Leaf springs typically used in passenger cars, air springs used in highway trucks and hydraulic suspensions used in some off-road heavy equipment were found wanting in the underground environment, said Stern. Instead, MacLean Engineering scaled down and adapted an elastomer suspension system used on haul trucks in open pit mines.

The system consists of a series of stacked plastic discs similar to hockey pucks that absorb vibrations by squishing together.

There are no mechanical components, very little maintenance, no need for greasing and no replacement of wear parts.
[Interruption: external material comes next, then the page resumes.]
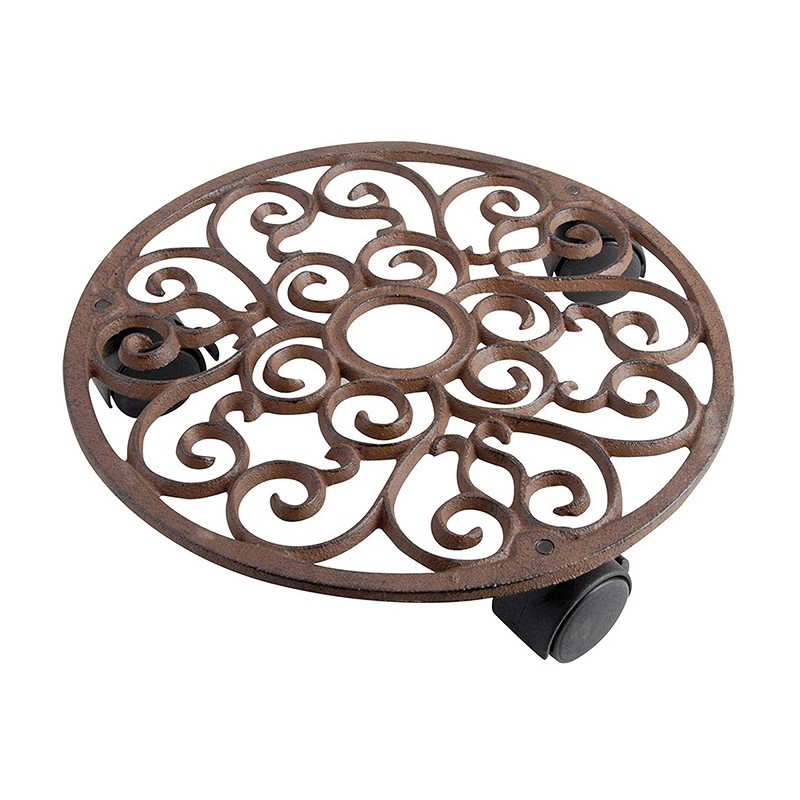 Ruukunalunen, jossa on kolme pyörää. Tämän avulla raskaan kukkaruukun siirtäminen on helppoa.

The system also includes heavy-duty automotive dampeners, a purpose-built A-frame supporting weldment, and a Watts linkage stabilizer to reduce bump steer.

Customers can order MineMate utility trucks with or without the suspension system.

“We still have our customers who are value-oriented and want our standard machines, but we also have customers who are looking for solutions for their operators and who realize that the extra cost of a suspension system is far less than the cost of workplace injury claims,” said Stern. “The interest is definitely there. We have some mines, for example, that have decided any future purchases will be suspended
trucks.”

“Suspension is something that all equipment manufacturers are paying attention to. I’ve heard that some of our competitors are working on suspension systems for their heavy-duty articulated trucks, but we’re the first to market.”